Over the years Haarmann has become a sympathetic figure in Hanover. We know he was mentally ill and not given a fair trial. Nearly a hundred years later the enduring interest in his case makes him an ambiguous figure. In the last ten years in Germany there have been numerous books about him, a graphic novel, a play, a documentary and even a musical! Why all this interest if it was an open and shut case?

INCONSISTENCIES IN THE REAL LIFE CASE

Lots of things about the real life case are intriguing. When you see a photo of Haarmann’s tiny room – which had no running water – just how could he have killed so many people without his live-in lover Hans Grans knowing?

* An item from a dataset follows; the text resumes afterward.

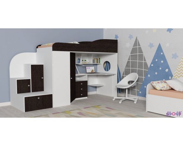 Кровать-чердак Кадет-1 Белое дерево/Венге
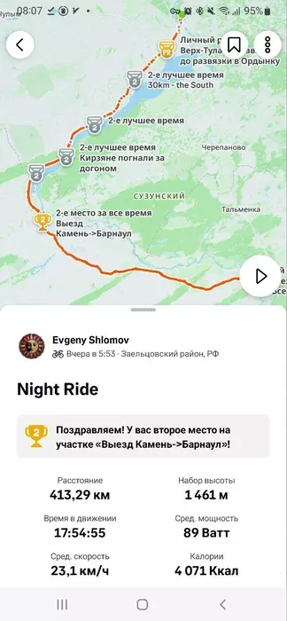 🏃♂️ Раннер-ап: ZoOL, проехавший на велосипеде 413 км за один день.

And what about Hans’s three girlfriends who often had tea with Haarmann? The idea that he could have killed and butchered a man (at one point every one and a half weeks) in secret is absurd.

THE INNER CIRCLE

If you were a serial killer, what kind of friends would you have? And if they knew about your weakness, how would this affect your relationship? To reveal the inner world of the murderer I had to get close to his circle of intimates…

Historically not much is known about Hans Grans’s girlfriends: Dora Mrutzek, Elfriede Zwingmann and Emmi Schulz, so I set the story in the modern day to avoid historical inaccuracies. Dora was especially good friends with Haarmann and the idea that she must have known was explored in the German film The Tenderness of Wolves (1973).

“When crime is an occupation, each character, no matter what they’ve done, must ask themselves how far they are prepared to go.”